Multi-provider text-to-speech library with voice cloning, accent drift detection, and STT validation

Project description

rho-tts

Multi-provider text-to-speech library with voice cloning, accent drift detection, and STT validation.

Features

  • Multi-provider TTS — Swap between Qwen3-TTS and Chatterbox with a single parameter
  • Voice cloning — Clone any voice from a short reference audio sample
  • Accent drift detection — ML classifier catches when the generated voice drifts from your target accent
  • STT validation — Whisper-based transcription check ensures the model actually said what you asked it to
  • Speaker similarity — Cosine similarity scoring between generated and reference voice embeddings
  • Audio post-processing — Silence trimming, crossfading, DC offset removal, fade-in/out
  • Batch processing — Generate multiple audio files efficiently with memory management
  • Cooperative cancellation — Thread-safe cancellation tokens for long-running generation tasks
  • Extensible — Register custom TTS providers via TTSFactory.register_provider()

Installation

# Core only (brings torch, torchaudio, numpy, pydub)
pip install rho-tts

# With Qwen3-TTS provider
pip install rho-tts[qwen]

# With Chatterbox provider
pip install rho-tts[chatterbox]

# With validation (accent drift, STT, speaker similarity)
pip install rho-tts[validation]

# Everything
pip install rho-tts[all]

System Dependencies

  • ffmpeg — Required by pydub for audio file joining
  • CUDA — GPU recommended for reasonable generation speed (CPU works but is slow)
# Ubuntu/Debian
sudo apt install ffmpeg

# macOS
brew install ffmpeg

Hardware Requirements

Model VRAM Notes
Qwen3-TTS 0.6B ~8 GB Smaller, faster
Qwen3-TTS 1.7B ~16 GB Higher quality
Chatterbox ~6 GB Good for single segments
Validation (Whisper) ~1 GB Runs on CPU by default

Quick Start

from rho_tts import TTSFactory

# Create a TTS instance (requires a reference audio for voice cloning)
tts = TTSFactory.get_tts_instance(
    provider="qwen",
    reference_audio="my_voice.wav",
    reference_text="Transcript of my voice sample.",
)

# Generate a single file
result = tts.generate("Hello world!", "output.wav")

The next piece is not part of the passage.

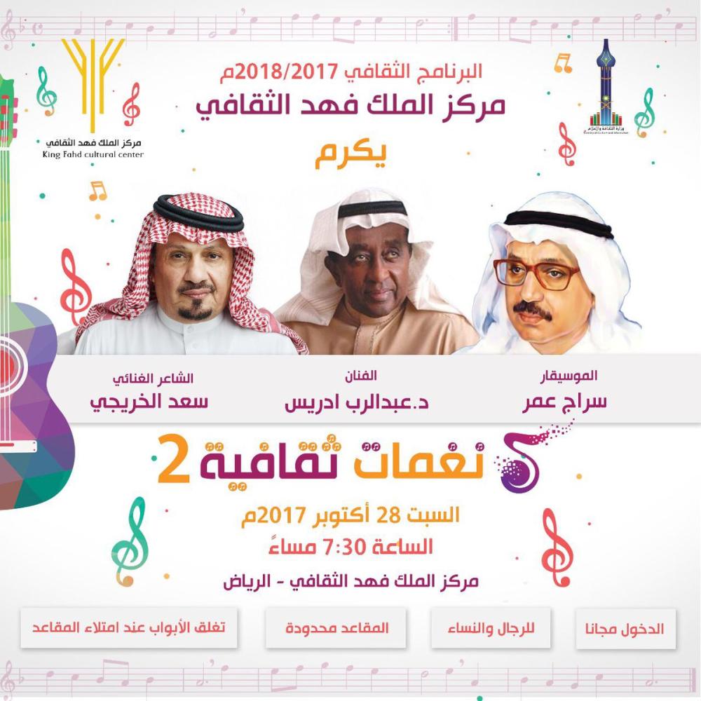 من جهة ثانية، يقدم المركز بعد غد (السبت) فعالية نغمات ثقافية 2، يتخللها تكريم الفنانين سراج عمر وعبدالرب إدريس وسعد الخريجي وبمشاركة الفنانين عبدالرحمن الشومر وإبراهيم السلطان وعماد إبراهيم.

# Generate without saving to disk (in-memory only)
result = tts.generate("Hello world!")
print(result.audio, result.duration_sec)

# Generate a batch
results = tts.generate(
    texts=["First sentence.", "Second sentence."],
    output_path="batch_output",
)

Providers

Qwen3-TTS (default)

Best for batch generation with validation. Supports voice cloning via reference audio + text.

tts = TTSFactory.get_tts_instance(
    provider="qwen",
    reference_audio="voice.wav",
    reference_text="What the voice says in the audio file.",
    model_path="Qwen/Qwen3-TTS-12Hz-1.7B-Base",  # or local path
    batch_size=5,
    max_iterations=10,
    accent_drift_threshold=0.17,
    text_similarity_threshold=0.85,
)

Chatterbox

Best for single-segment regeneration with comprehensive validation loops.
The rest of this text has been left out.